__AIM OF THE EXERCISE__. Apart from the pictures, reproduce the data below exactly as it stands.

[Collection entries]
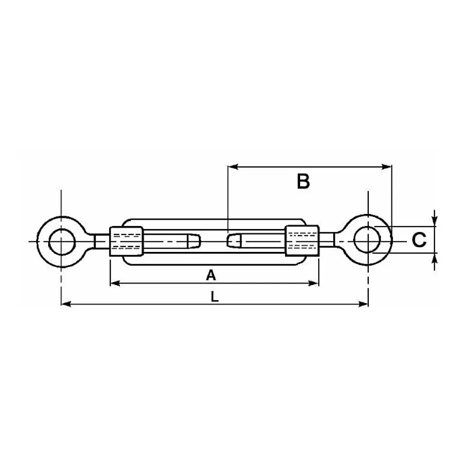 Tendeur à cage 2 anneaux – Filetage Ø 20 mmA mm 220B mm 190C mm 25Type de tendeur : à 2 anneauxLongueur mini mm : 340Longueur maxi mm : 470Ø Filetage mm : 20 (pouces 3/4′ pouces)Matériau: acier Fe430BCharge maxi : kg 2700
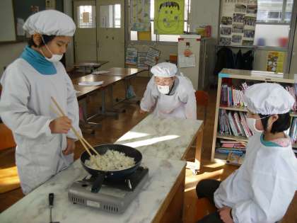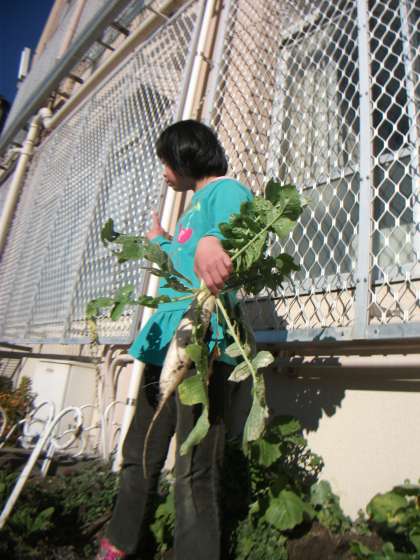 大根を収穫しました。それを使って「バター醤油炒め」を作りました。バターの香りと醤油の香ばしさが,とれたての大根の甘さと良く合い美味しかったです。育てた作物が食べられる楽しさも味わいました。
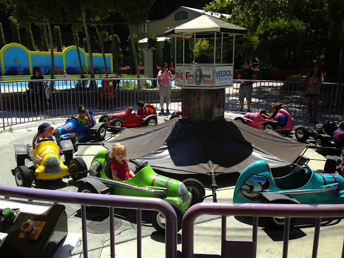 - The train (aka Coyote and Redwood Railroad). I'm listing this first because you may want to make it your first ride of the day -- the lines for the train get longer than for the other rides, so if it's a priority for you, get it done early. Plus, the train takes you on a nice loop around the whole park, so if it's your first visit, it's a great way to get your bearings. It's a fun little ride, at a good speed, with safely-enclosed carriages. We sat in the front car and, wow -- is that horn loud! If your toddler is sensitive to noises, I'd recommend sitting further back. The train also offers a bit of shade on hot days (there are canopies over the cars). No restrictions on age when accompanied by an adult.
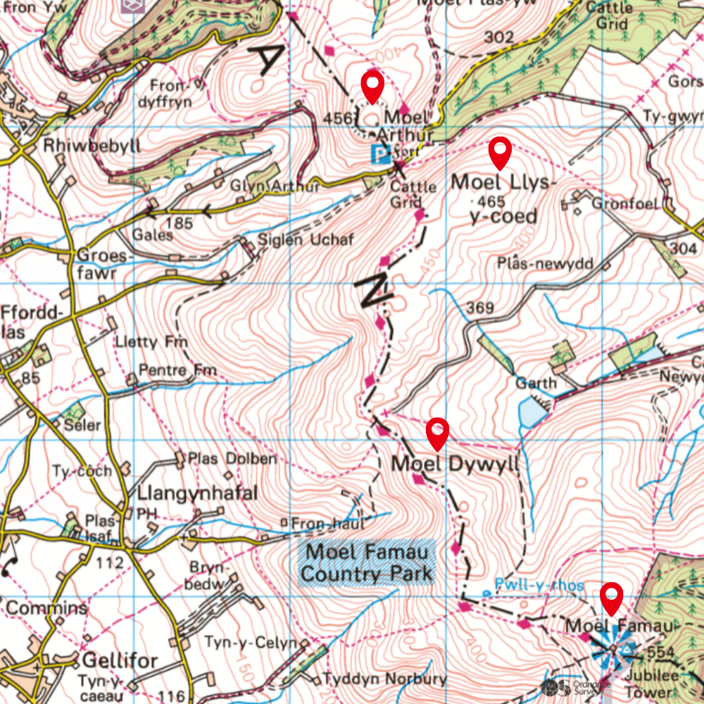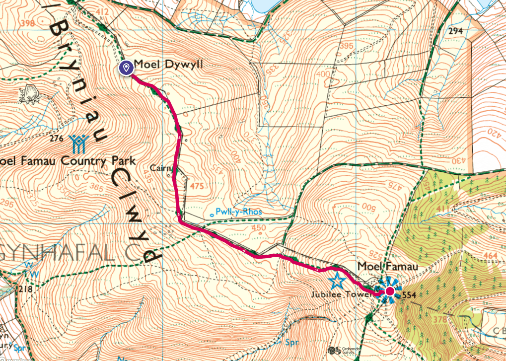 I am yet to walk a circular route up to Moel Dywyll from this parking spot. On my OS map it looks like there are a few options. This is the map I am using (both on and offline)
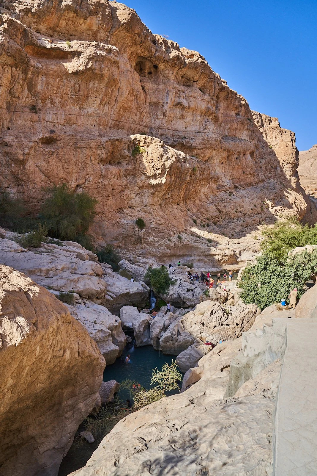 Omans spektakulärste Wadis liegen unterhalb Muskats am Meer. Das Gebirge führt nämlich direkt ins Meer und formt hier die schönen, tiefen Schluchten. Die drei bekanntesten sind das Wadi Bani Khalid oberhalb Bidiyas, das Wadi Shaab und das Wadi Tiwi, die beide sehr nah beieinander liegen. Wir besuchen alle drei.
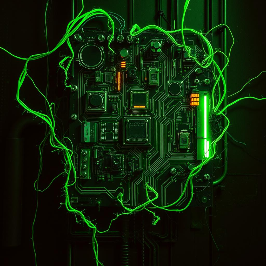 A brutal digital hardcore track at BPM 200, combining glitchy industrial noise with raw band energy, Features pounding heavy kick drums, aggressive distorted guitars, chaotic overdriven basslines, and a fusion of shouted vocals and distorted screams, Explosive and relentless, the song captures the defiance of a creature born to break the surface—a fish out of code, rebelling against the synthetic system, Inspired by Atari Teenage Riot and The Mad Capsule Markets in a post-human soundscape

__SOLUTION FOR THIS PROBLEM__.
 Tendeur à cage 2 anneaux – Filetage Ø 20 mmA mm 220B mm 190C mm 25Type de tendeur : à 2 anneauxLongueur mini mm : 340Longueur maxi mm : 470Ø Filetage mm : 20 (pouces 3/4′ pouces)Matériau: acier Fe430BCharge maxi : kg 2700
 大根を収穫しました。それを使って「バター醤油炒め」を作りました。バターの香りと醤油の香ばしさが,とれたての大根の甘さと良く合い美味しかったです。育てた作物が食べられる楽しさも味わいました。
 - The train (aka Coyote and Redwood Railroad). I'm listing this first because you may want to make it your first ride of the day -- the lines for the train get longer than for the other rides, so if it's a priority for you, get it done early. Plus, the train takes you on a nice loop around the whole park, so if it's your first visit, it's a great way to get your bearings. It's a fun little ride, at a good speed, with safely-enclosed carriages. We sat in the front car and, wow -- is that horn loud! If your toddler is sensitive to noises, I'd recommend sitting further back. The train also offers a bit of shade on hot days (there are canopies over the cars). No restrictions on age when accompanied by an adult.
 I am yet to walk a circular route up to Moel Dywyll from this parking spot. On my OS map it looks like there are a few options. This is the map I am using (both on and offline)
 Omans spektakulärste Wadis liegen unterhalb Muskats am Meer. Das Gebirge führt nämlich direkt ins Meer und formt hier die schönen, tiefen Schluchten. Die drei bekanntesten sind das Wadi Bani Khalid oberhalb Bidiyas, das Wadi Shaab und das Wadi Tiwi, die beide sehr nah beieinander liegen. Wir besuchen alle drei.
 A brutal digital hardcore track at BPM 200, combining glitchy industrial noise with raw band energy, Features pounding heavy kick drums, aggressive distorted guitars, chaotic overdriven basslines, and a fusion of shouted vocals and distorted screams, Explosive and relentless, the song captures the defiance of a creature born to break the surface—a fish out of code, rebelling against the synthetic system, Inspired by Atari Teenage Riot and The Mad Capsule Markets in a post-human soundscape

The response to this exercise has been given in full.